*Data to process:*
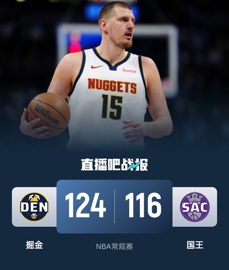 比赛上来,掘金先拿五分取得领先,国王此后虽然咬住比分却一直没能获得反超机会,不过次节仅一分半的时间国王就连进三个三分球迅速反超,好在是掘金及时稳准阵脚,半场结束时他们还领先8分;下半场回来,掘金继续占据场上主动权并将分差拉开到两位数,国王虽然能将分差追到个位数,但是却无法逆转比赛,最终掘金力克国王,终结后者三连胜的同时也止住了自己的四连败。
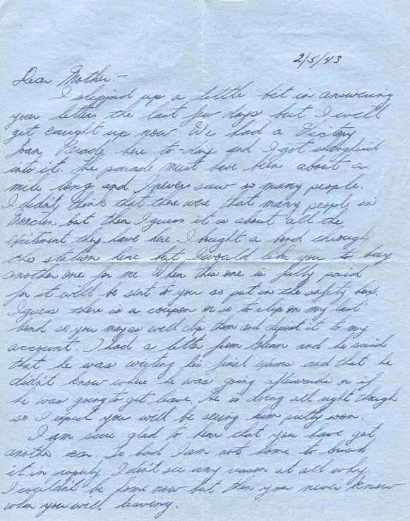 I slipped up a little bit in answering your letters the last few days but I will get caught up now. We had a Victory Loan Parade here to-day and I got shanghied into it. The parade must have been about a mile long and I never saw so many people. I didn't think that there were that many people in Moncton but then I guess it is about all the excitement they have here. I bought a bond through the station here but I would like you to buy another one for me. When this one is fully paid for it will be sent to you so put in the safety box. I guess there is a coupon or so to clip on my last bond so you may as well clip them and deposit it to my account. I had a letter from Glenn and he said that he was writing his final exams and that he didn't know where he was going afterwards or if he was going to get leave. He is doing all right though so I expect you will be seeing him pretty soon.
...
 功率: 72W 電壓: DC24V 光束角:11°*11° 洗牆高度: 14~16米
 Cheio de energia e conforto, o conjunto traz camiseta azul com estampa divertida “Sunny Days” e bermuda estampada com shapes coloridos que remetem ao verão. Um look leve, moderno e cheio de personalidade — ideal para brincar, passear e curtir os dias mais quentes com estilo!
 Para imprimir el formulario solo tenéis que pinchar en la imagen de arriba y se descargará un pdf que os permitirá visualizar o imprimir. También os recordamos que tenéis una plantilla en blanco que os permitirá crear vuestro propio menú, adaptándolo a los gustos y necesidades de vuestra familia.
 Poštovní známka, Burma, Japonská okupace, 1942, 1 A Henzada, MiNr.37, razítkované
...
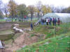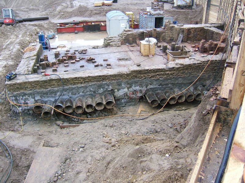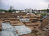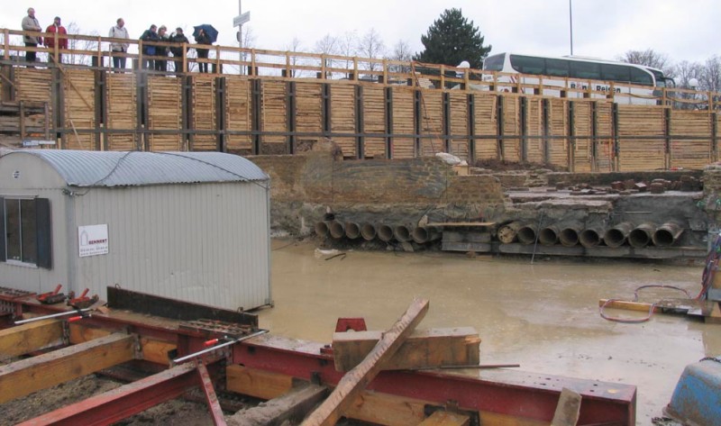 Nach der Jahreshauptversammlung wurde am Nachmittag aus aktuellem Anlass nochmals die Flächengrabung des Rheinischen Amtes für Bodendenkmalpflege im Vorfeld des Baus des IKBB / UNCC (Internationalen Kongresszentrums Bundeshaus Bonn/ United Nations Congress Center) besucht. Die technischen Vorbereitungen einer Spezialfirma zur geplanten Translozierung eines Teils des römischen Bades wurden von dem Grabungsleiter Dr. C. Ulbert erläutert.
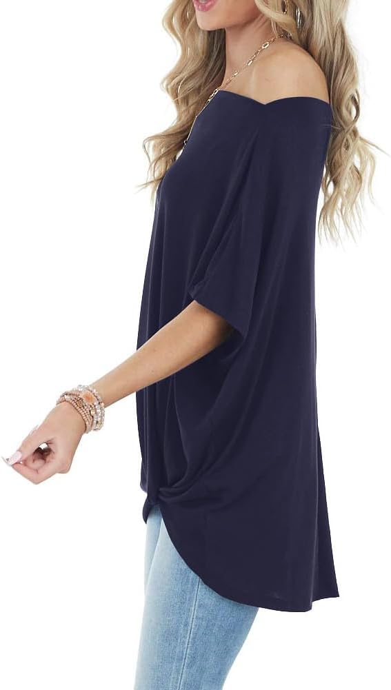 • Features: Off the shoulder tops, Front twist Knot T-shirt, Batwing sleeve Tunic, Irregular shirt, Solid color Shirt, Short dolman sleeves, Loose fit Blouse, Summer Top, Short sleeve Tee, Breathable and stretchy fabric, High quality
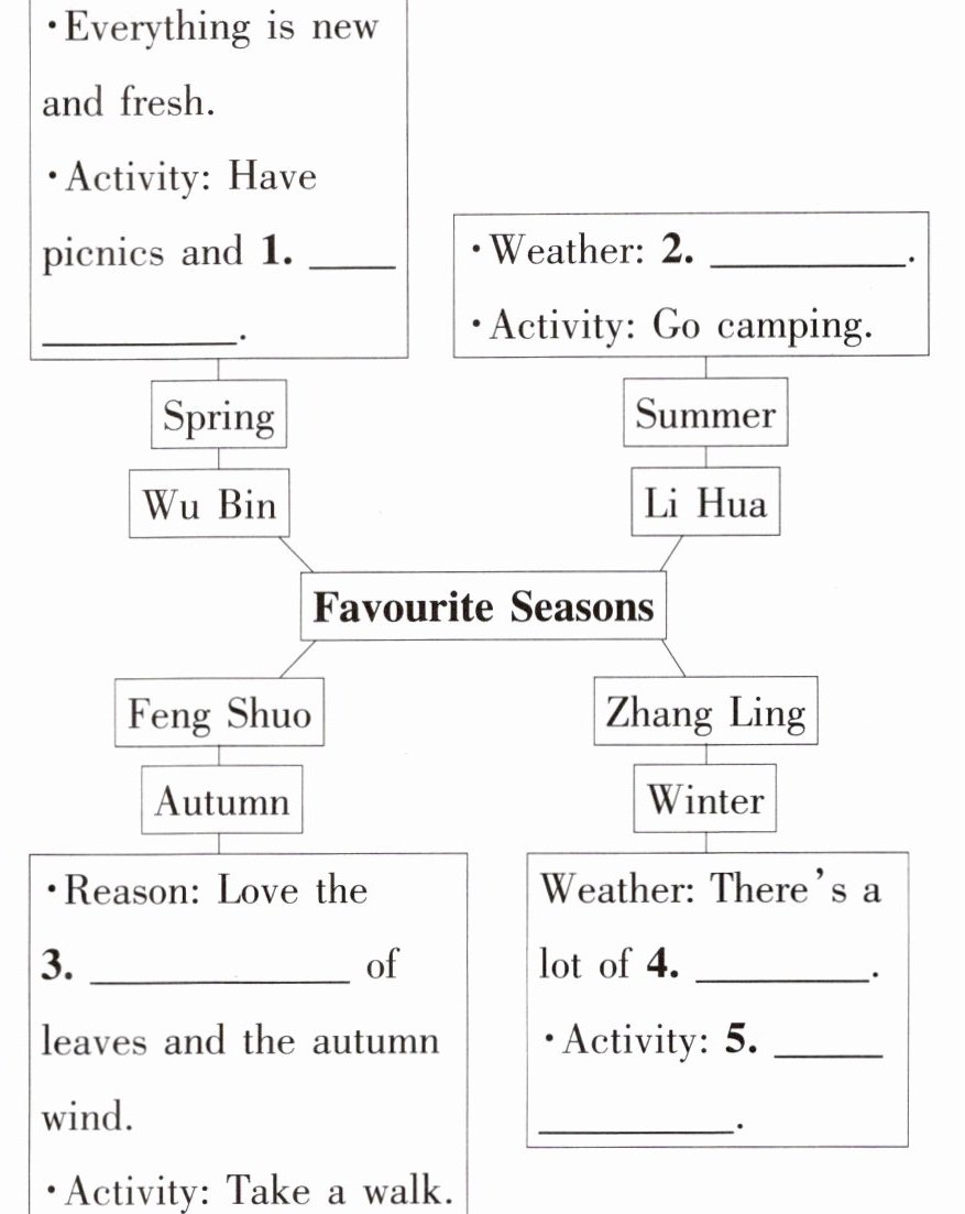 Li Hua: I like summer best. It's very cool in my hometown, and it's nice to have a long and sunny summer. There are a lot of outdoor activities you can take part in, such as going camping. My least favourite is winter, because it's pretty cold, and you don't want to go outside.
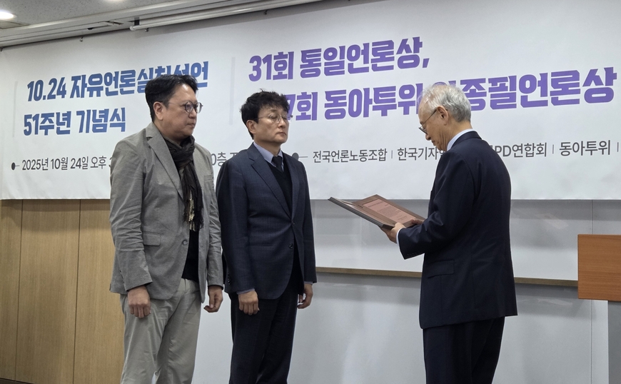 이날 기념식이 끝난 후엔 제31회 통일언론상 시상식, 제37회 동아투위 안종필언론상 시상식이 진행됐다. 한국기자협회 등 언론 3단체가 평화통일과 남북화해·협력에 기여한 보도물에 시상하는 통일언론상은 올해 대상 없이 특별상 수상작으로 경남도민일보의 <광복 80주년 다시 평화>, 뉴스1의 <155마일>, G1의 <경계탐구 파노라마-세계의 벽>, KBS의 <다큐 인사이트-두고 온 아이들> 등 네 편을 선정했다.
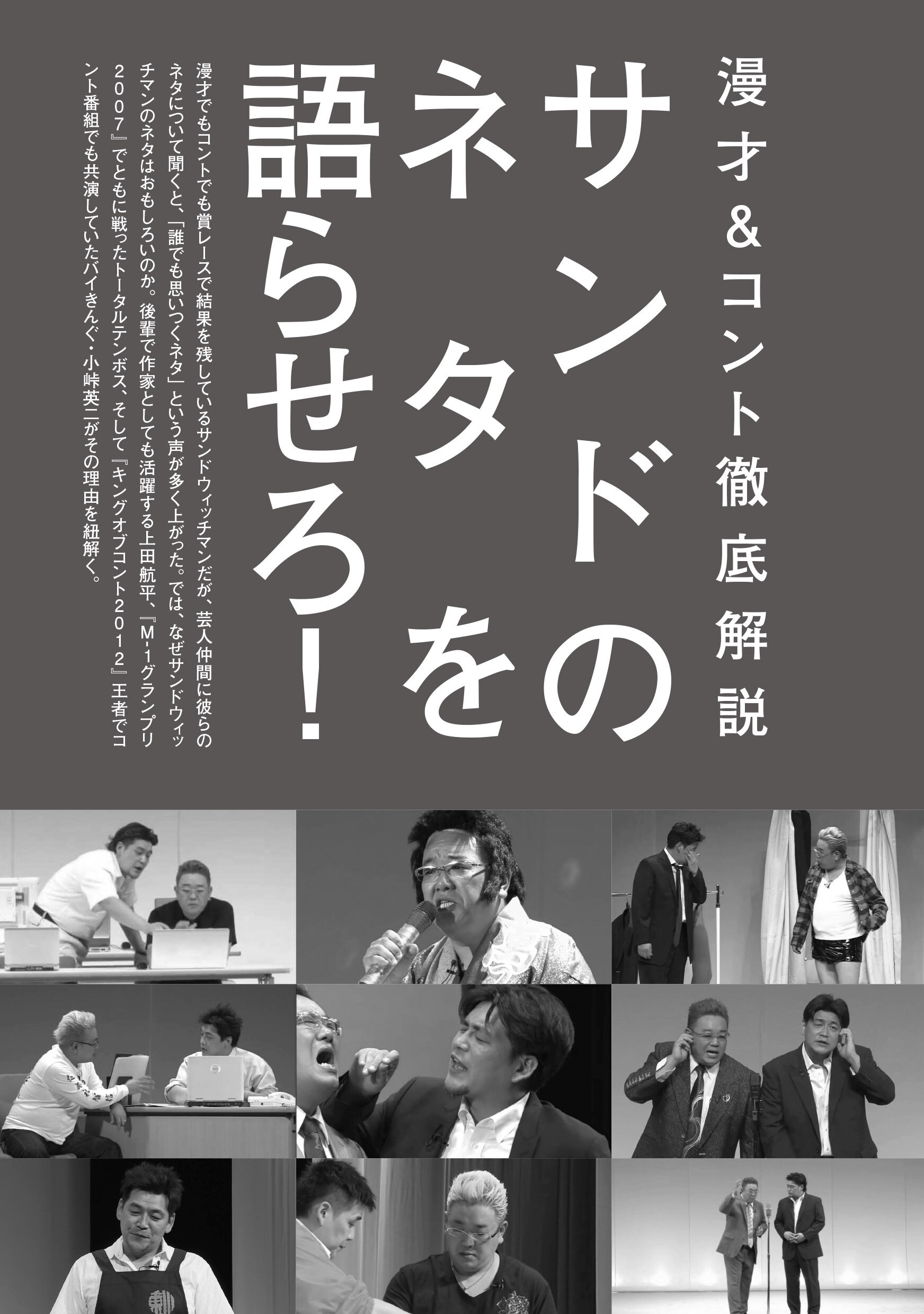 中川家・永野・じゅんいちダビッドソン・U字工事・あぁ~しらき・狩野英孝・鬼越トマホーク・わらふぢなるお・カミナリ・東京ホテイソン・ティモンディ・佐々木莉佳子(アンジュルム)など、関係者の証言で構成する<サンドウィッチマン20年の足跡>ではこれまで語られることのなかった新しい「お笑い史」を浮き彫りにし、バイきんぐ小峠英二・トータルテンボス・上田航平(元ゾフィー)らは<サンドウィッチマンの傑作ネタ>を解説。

*What is required:*
Everything above from the line that has "fabric, High quality" down to the line that has "이날 기념식이 끝난 후엔" should be output exactly, with both of those lines included. Leave the pictures behind.

*Task solution:*
 • Features: Off the shoulder tops, Front twist Knot T-shirt, Batwing sleeve Tunic, Irregular shirt, Solid color Shirt, Short dolman sleeves, Loose fit Blouse, Summer Top, Short sleeve Tee, Breathable and stretchy fabric, High quality
 Li Hua: I like summer best. It's very cool in my hometown, and it's nice to have a long and sunny summer. There are a lot of outdoor activities you can take part in, such as going camping. My least favourite is winter, because it's pretty cold, and you don't want to go outside.
 이날 기념식이 끝난 후엔 제31회 통일언론상 시상식, 제37회 동아투위 안종필언론상 시상식이 진행됐다. 한국기자협회 등 언론 3단체가 평화통일과 남북화해·협력에 기여한 보도물에 시상하는 통일언론상은 올해 대상 없이 특별상 수상작으로 경남도민일보의 <광복 80주년 다시 평화>, 뉴스1의 <155마일>, G1의 <경계탐구 파노라마-세계의 벽>, KBS의 <다큐 인사이트-두고 온 아이들> 등 네 편을 선정했다.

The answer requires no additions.